## [Instructions for the task]
Omit the pictures, then write out every entry exactly as it reads.

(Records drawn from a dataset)
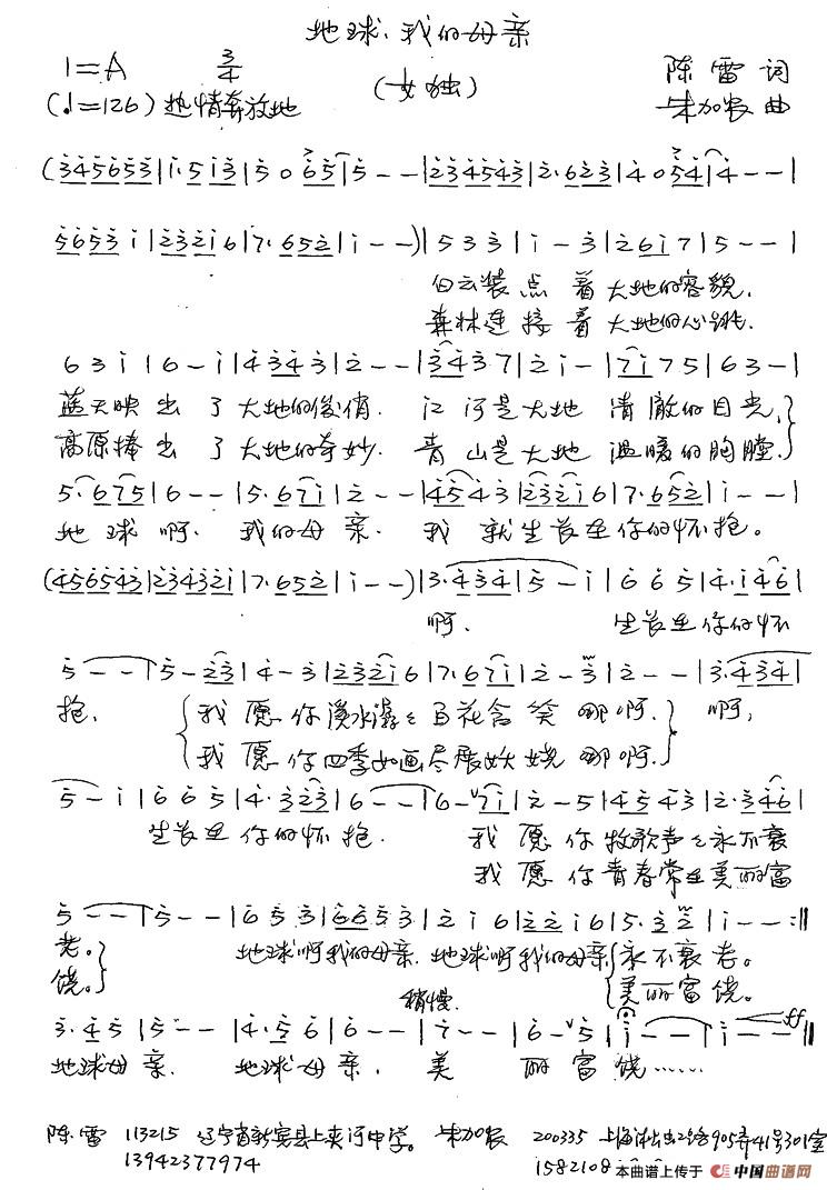 关于《地球,我的母亲》曲谱的评论
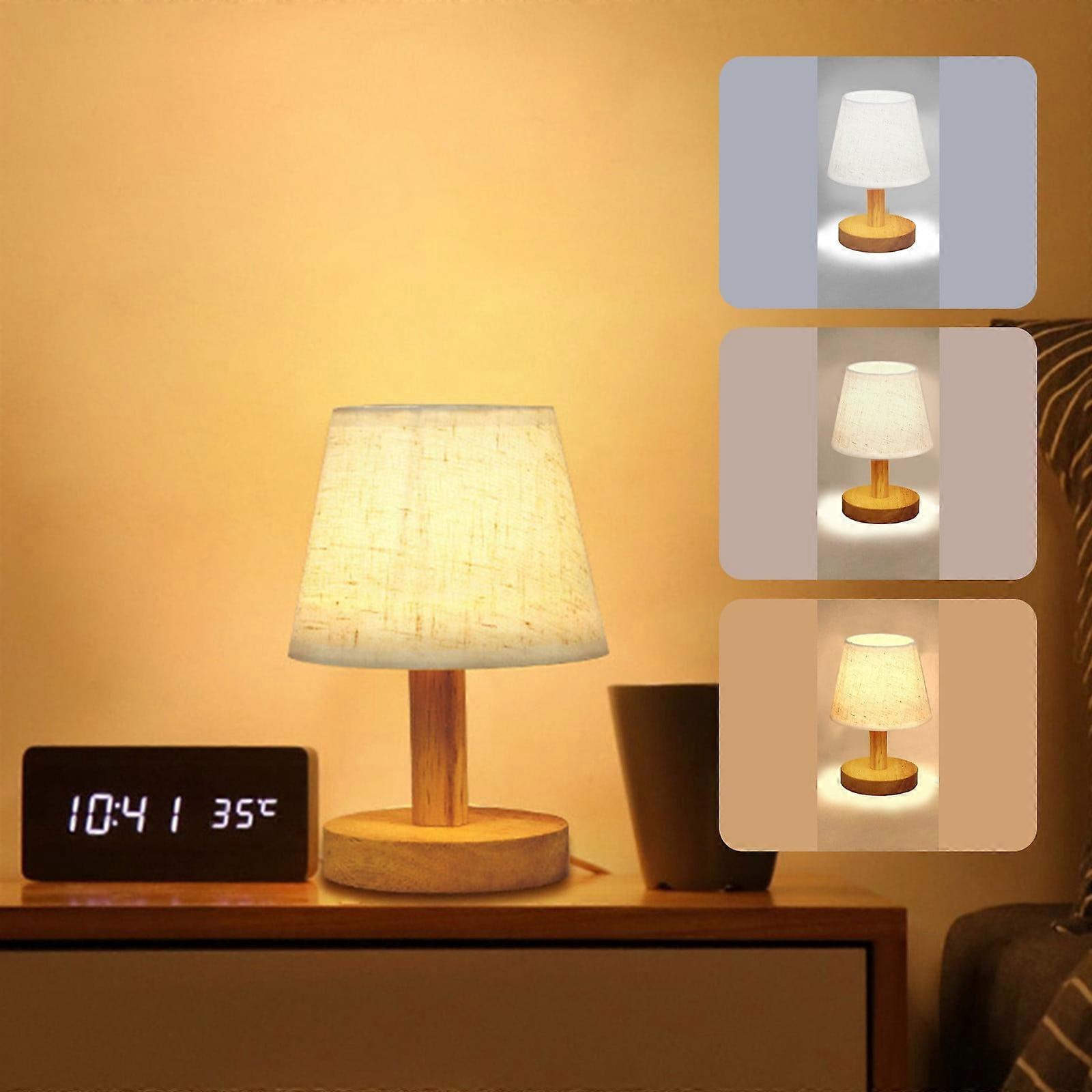 100Fens Table Lamp For Bedroom 3 Way Dimmable Nightstand Lamp With Round Flaxen Fabric Shade For Living Room Office Dorm,Solid Wood,Led Bulb Included
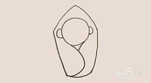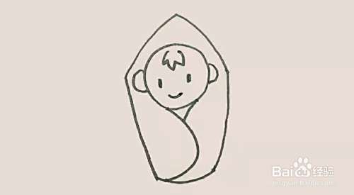 婴儿头外面,先画上一个尖尖的形状,下面画上一个方形作为襁褓的外形。
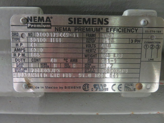 Unused Condition Siemens 40hp, 885rpm, 460v, frame 365T, 63Amps
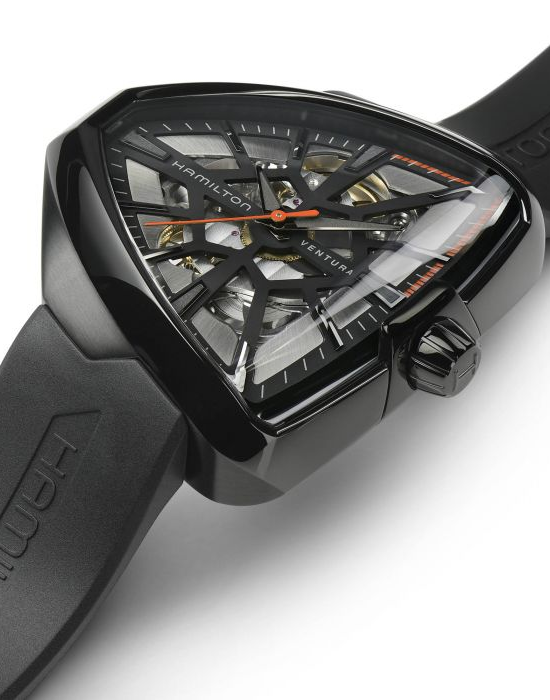 Мужские механические швейцарские часы из лимитированной серии в 999 экземпляров Hamilton Ventura Skeleton Auto H24595331, механический механизм (автоматический калибр) с высокой точностью. Сапфировое стекло устойчивое к появлению царапин, обладающее высокой прозрачностью. Класс водозащиты: 50 метров, позволит защитить корпус от случайных брызг или капель дождя. Корпус часов изготовлен из стали, черного цвета.
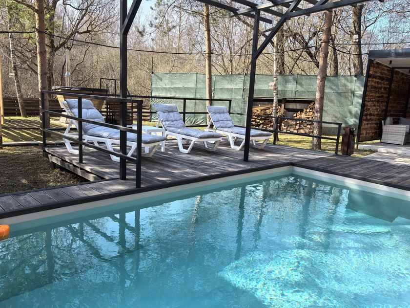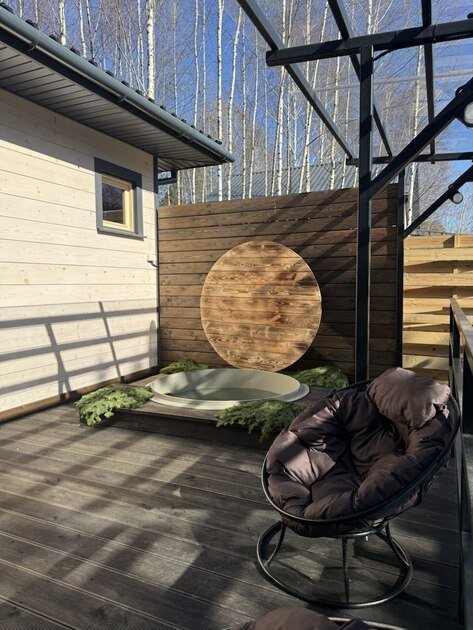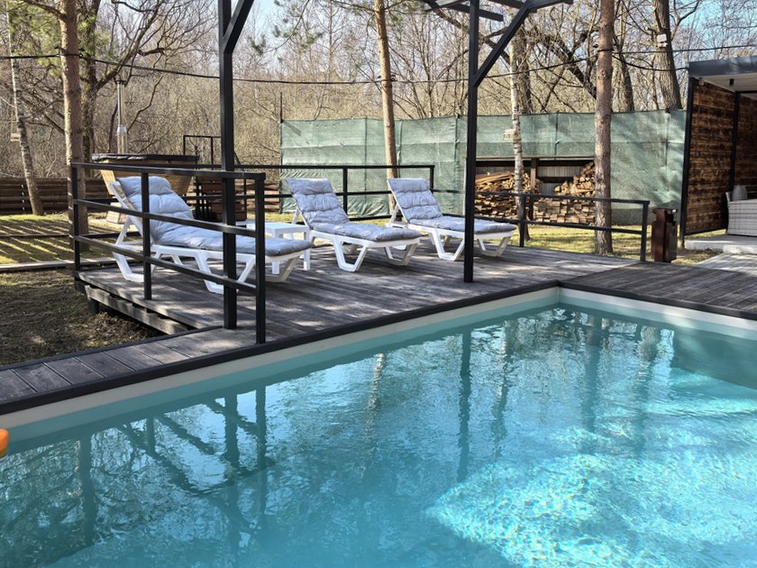 Рядом с бассейном: шезлонгиТемпература в бассейне: 30 °CНа свежем воздухе расположен подогреваемый бассейн, окруженный удобными шезлонгами, где можно насладиться отдыхом после купания. При бронировании бани посещение бассейна становится бесплатным, что позволяет гостям полностью расслабиться и насладиться водной стихией.

## [Problem solution]
 关于《地球,我的母亲》曲谱的评论
 100Fens Table Lamp For Bedroom 3 Way Dimmable Nightstand Lamp With Round Flaxen Fabric Shade For Living Room Office Dorm,Solid Wood,Led Bulb Included
 婴儿头外面,先画上一个尖尖的形状,下面画上一个方形作为襁褓的外形。
 Unused Condition Siemens 40hp, 885rpm, 460v, frame 365T, 63Amps
 Мужские механические швейцарские часы из лимитированной серии в 999 экземпляров Hamilton Ventura Skeleton Auto H24595331, механический механизм (автоматический калибр) с высокой точностью. Сапфировое стекло устойчивое к появлению царапин, обладающее высокой прозрачностью. Класс водозащиты: 50 метров, позволит защитить корпус от случайных брызг или капель дождя. Корпус часов изготовлен из стали, черного цвета.
 Рядом с бассейном: шезлонгиТемпература в бассейне: 30 °CНа свежем воздухе расположен подогреваемый бассейн, окруженный удобными шезлонгами, где можно насладиться отдыхом после купания. При бронировании бани посещение бассейна становится бесплатным, что позволяет гостям полностью расслабиться и насладиться водной стихией.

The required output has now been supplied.